§ INSTRUCTIONS FOR THE TASK: Your answer must be the listing repeated word for word, without its pictures.

§ THE DATA:
________________________________________
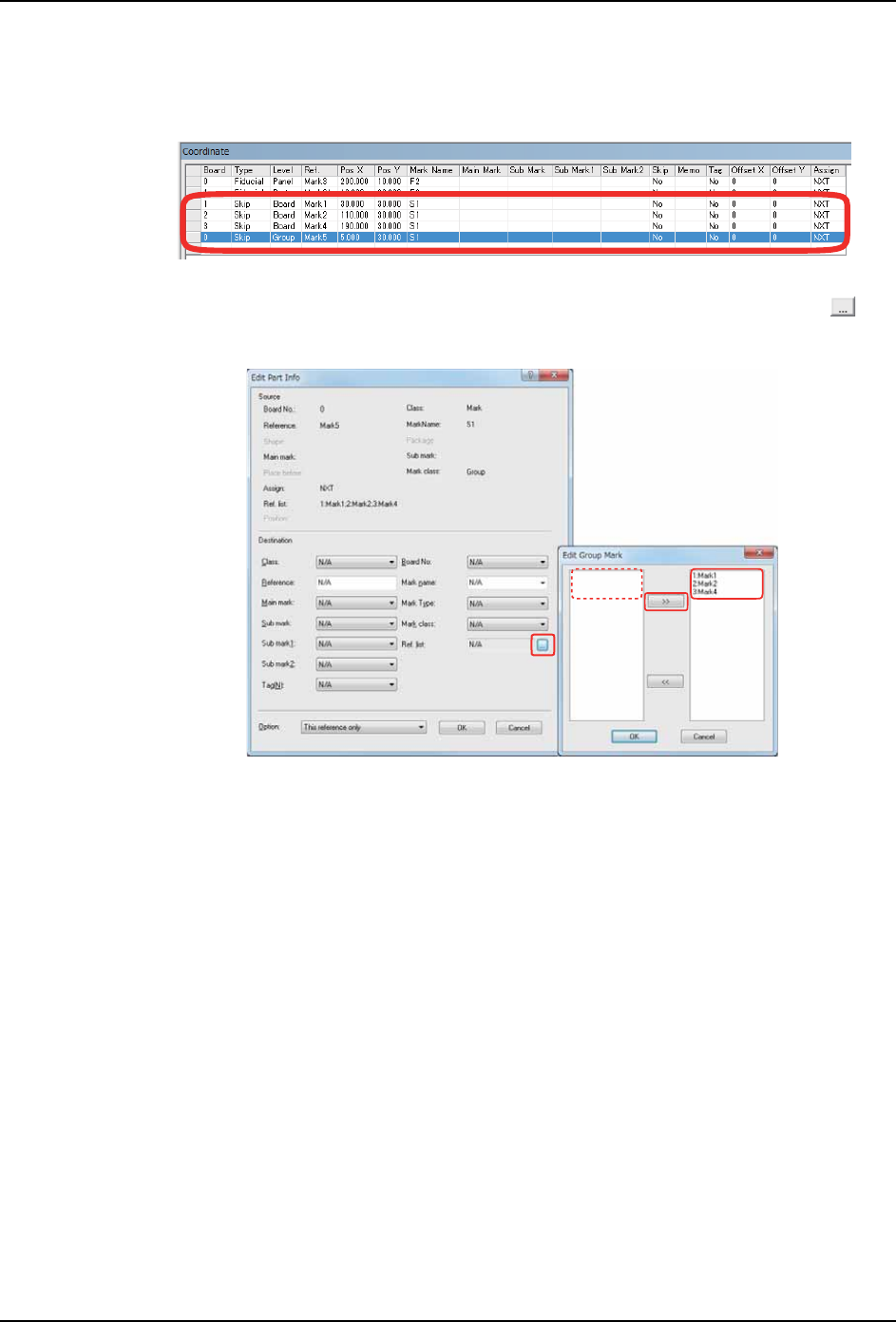 2. 选择 Group board skip mark 的坐标并在元件信息编辑点击 [Ref List(L):] 的 [ ] 键
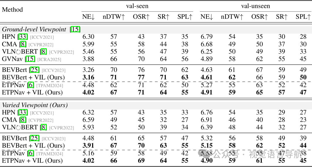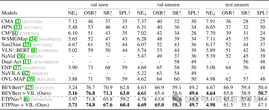 基线方法:同样将VIL应用于BEVBert和ETPNav。
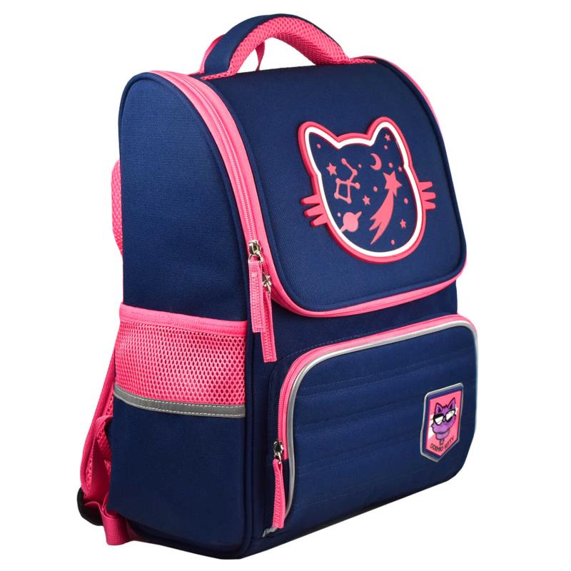 Рюкзак школьный , полиэстер, пластиковая нашивка, резиновая нашивка, шелкография в одну краску, 1 отделение (-я), молния, тип спинки: формоустойчивая спинка из сетчатой ткани и поролона, тип дна: с пластиковыми ножками, ПЭТ-пакет
________________________________________
§ RESULT OF THIS TASK:
 2. 选择 Group board skip mark 的坐标并在元件信息编辑点击 [Ref List(L):] 的 [ ] 键
 基线方法:同样将VIL应用于BEVBert和ETPNav。
 Рюкзак школьный , полиэстер, пластиковая нашивка, резиновая нашивка, шелкография в одну краску, 1 отделение (-я), молния, тип спинки: формоустойчивая спинка из сетчатой ткани и поролона, тип дна: с пластиковыми ножками, ПЭТ-пакет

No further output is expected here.